Storage → GPU (ASYNC)
$ sudo ./gdsio -f /mnt/nvme_ext4/32GFile -d 0 -n 1 -w 1 -i 4K -I 2 -x 5 -T 20
IoType: RANDREAD XferType: ASYNC Threads: 1 DataSetSize: 525232/4(KiB) IOSize: 4(KiB) Throughput: 0.025580 GiB/sec, Avg_Latency: 149.071854 usecs ops: 131308 total_time 19.581467 secs
$ sudo ./gdsio -f /mnt/nvme_ext4/32GFile -d 0 -n 1 -w 1 -i 4K -I 2 -x 5 -T 20 -s 32G
IoType: RANDREAD XferType: ASYNC Threads: 1 DataSetSize: 524320/33554432(KiB) IOSize: 4(KiB) Throughput: 0.025199 GiB/sec, Avg_Latency: 151.330340 usecs ops: 131080 total_time 19.843498 secs
Observations
Compared to SYNC mode (~72 µs), ASYNC mode shows more than double the latency (~149 µs).
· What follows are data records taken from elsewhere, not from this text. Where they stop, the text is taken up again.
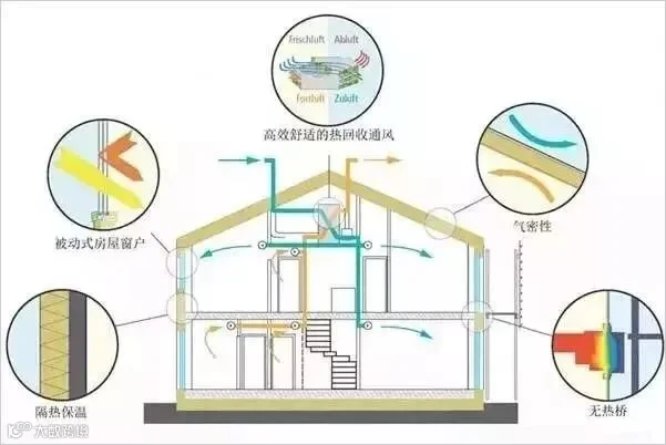 通过采用先进节能的设计理念和施工技术,极大限度地提高建筑的保温、隔热和气密性能,并通过新风系统的高效热(冷)回收装置将室内废气中的热(冷)量回收利用,从而显著降低建筑的采暖和制冷需求。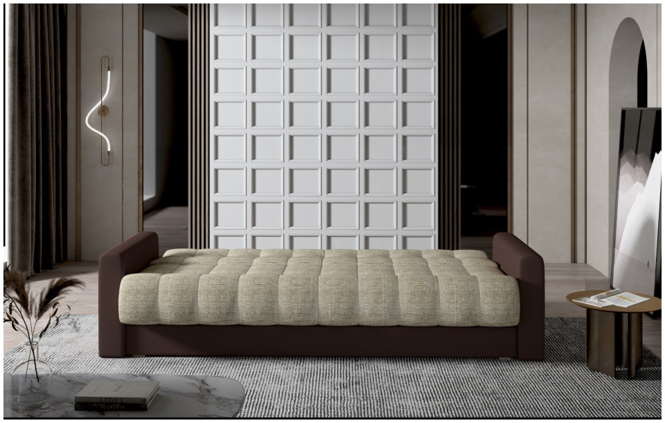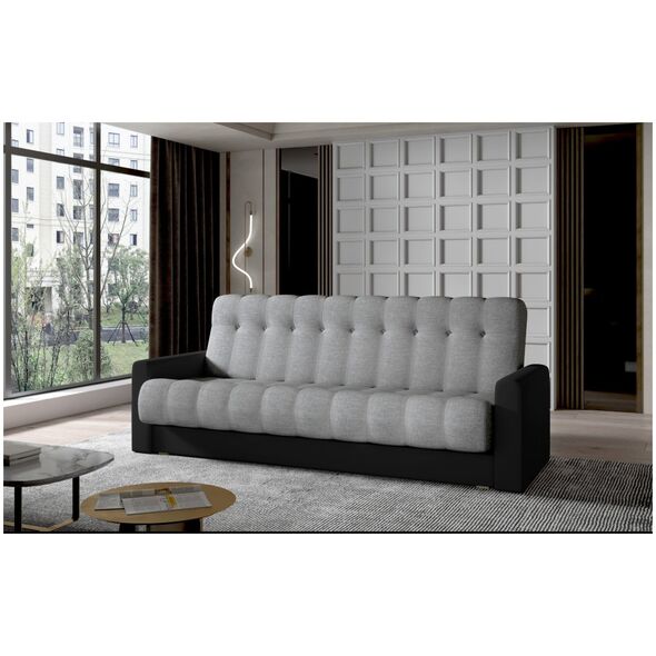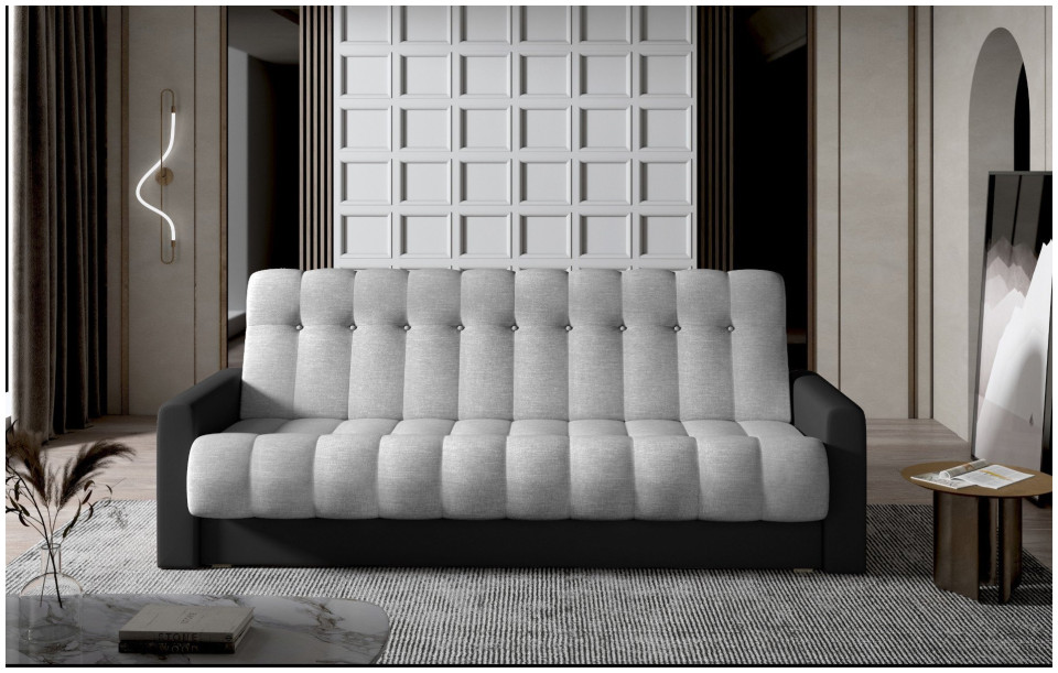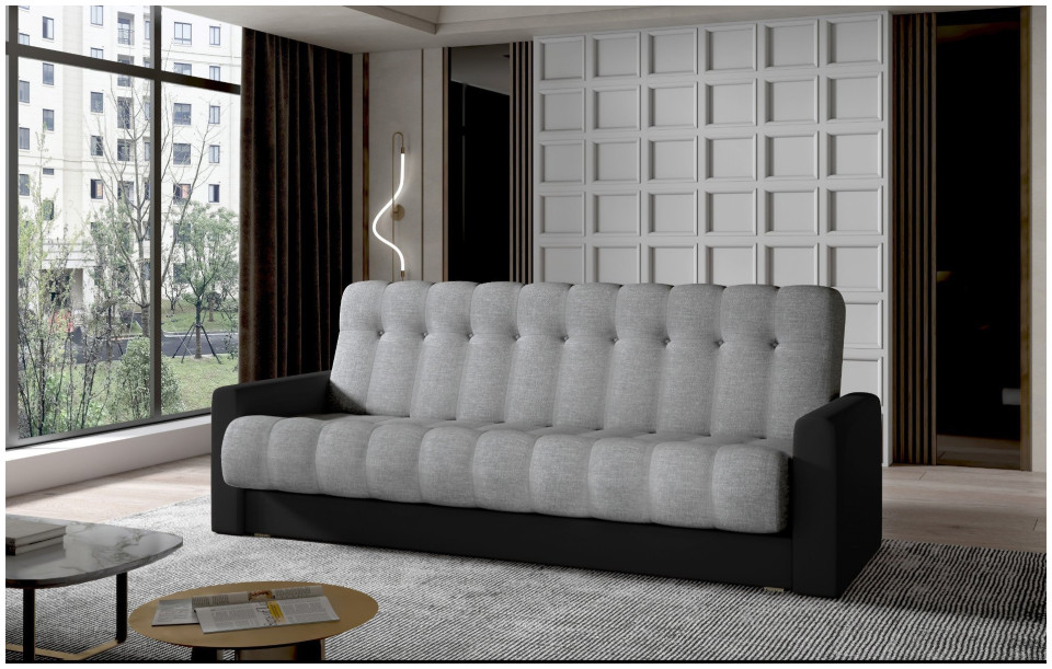 Sofa rozkładana z funkcją spania GARETT w modnym szaro-czarnym kolorze będzie pasować zarówno do salonu, jak i pokoju młodzieżowego.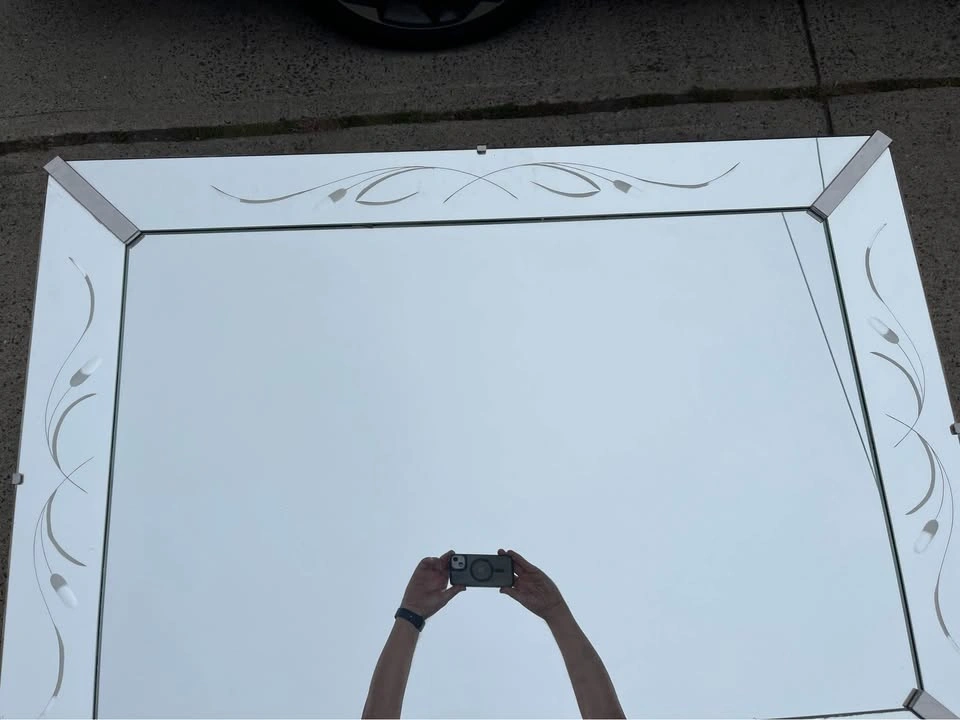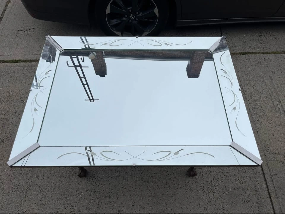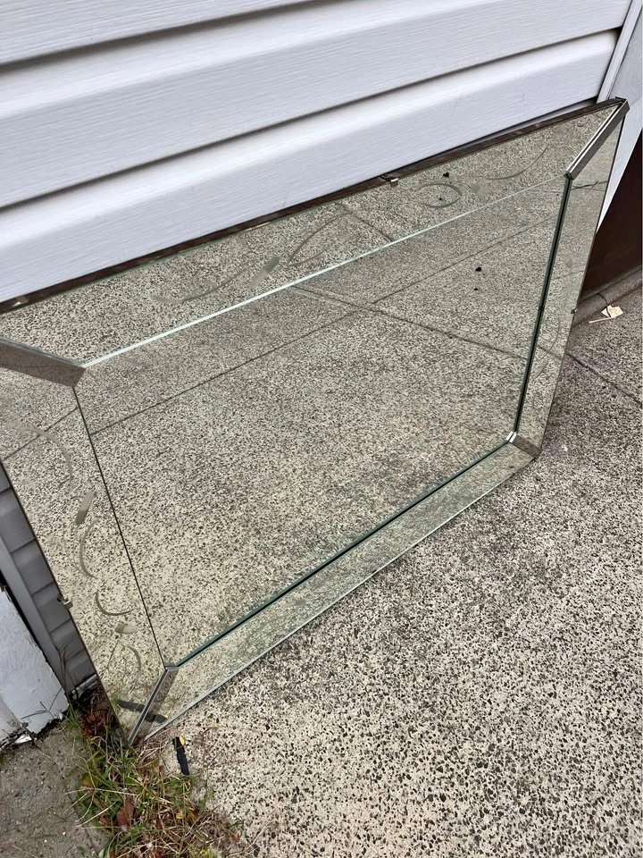 This is a vintage Venetian-style mirror with etched designs and beveled edges. This mirror was first hung in 1940’s or 50’s (not sure of exact date but that was the time period) as decorative accent in a master bedroom. Even 70-80 years later it still adds a touch of elegance and sophistication to any space. This mirror is in very good shape for its age. It’s approximately 45inx33in Cash Only Pickup in Sheepshead Bay Brooklyn

This implies ~70 µs of additional overhead introduced by the asynchronous APIs.
I also checked the cufile.log file in the same directory while running the command in all experiments, and it was empty. I think this suggests that the GDS I/O path is functioning correctly.
Questions
- Is the ~2× latency increase when using ASYNC mode a known or expected behavior with GDS for small block sizes (4K)?
- Why does increasing dataset size lead to larger latency in Storage → GPU SYNC mode?